Wednesday, February 19, 2014

Entry #71: SWORN

Title: SWORN

Genre: NA

Pitch: 


Deep in the Rocky Mountains, college student Kai Monahan watches in awe as a dozen dragons—actual freaking dragons—battle beneath a fat, white moon. When one crashes nearly dead at her feet and transforms into a man, Kai does the only thing a decent person could: grabs the nearest sword and saves his life. As the man/dragon, Rhys, recovers from his wounds, an accidental brush of skin against skin binds him inextricably to Kai, but she isn’t about to give up her future because of a mythological creature with a hormone imbalance.

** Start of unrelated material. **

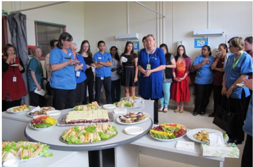
Acute Medical staff celebrate their return to Christchurch Hospital

Kai soon learns there’s more at stake than her freedom. Rhys and his companions have an enemy who plans to pit dragonkind against humanity in a clash that could decimate both. Kai must decide if her freedom is worth risking Rhys’s life; a life more crucial to the fate of both species than she can possibly guess.


First sentence:


Kai stood at the brink of the precipice, the toes of her worn hiking boots hanging over the edge.

10 comments:

  1. Wow,interesting premise! I love the whole dragon/human aspect of this. Great pitch. Think about making your first sentence more like the line in query about seeing dragons for the first time. It's a great line. Good luck!

    ReplyDelete
  2. I "freaking" love this pitch. There are a worrying number of dragon-human hybrid stories making their way around the contest circuit these days, but this is by far the most compelling I've read! Mythological creature with a hormone imbalance. Ha! I already love Kai. MORE PLEASE.

    ReplyDelete
  3. I'm intrigued. And I second Kathleen, I would like to see the dragon first if possible. While I like your first sentence it doesn't grab me in a I have to read more kind of way but your query did grab me. Good luck!

    ReplyDelete
    Replies
    1. Also what is the genre? Make sure to mention genre in your query.

      Delete
  4. Sounds like fun ;) Great first line.

    ReplyDelete
  5. I love the voice in the pitch, and the entire premise. The first line didn't grab me nearly as much..I think it might be stronger if we actually heard the same voice that was shown in the pitch...like the "actual freaking dragons" bit. Perhaps start with her reaction to actually seeing them.

    ReplyDelete
  6. This is the only entry I've felt moved to comment on twice, but I just gotta say I disagree with the "Start with the dragons" advice. I get why readers are feeling that, because the query is EXCITING and the first line isn't. But I don't think it should be in this case. I want to get to know Kai a little before her life gets tossed into turmoil. I want to see her "normal" before I see the extraordinary. And your first line is a great start. Worn hiking boots = she hikes regularly. She's active. Athletic maybe. Edge of the precipice = brave or crazy or stupid. Maybe an adrenaline junkie. Yes, the first line isn't a BAM! ZING! kind of line. But seeing dragons WILL be. And I love that you're laying a solid foundation here. We need dark for the stars to stand out against, right? Anyway, apologies for babbling, but PLEASE don't start with the dragons. I betcha anything agents would tell you that you need to start your story sooner if you did that. ;)

    ReplyDelete
    Replies
    1. I agree with Kimberly here. There are two kinds of openings, grabbers and lurers. Your first line is a lurer, and it should be. But your pitch should always grab - and it does.

      Delete
  7. Thanks for your feedback everyone! I'm glad the query is working! Kimberly, that's actually exactly how my opening goes. I'd really like the reader to build a little rapport with Kai before I stick her in the middle of a dragon battle. I get to them by the end of the first chapter, I promise!

    ReplyDelete
  8. What I like: ‘but she isn’t about to give up her future because of a mythological creature with a hormone imbalance.’ <<damn straight. Loved the voice.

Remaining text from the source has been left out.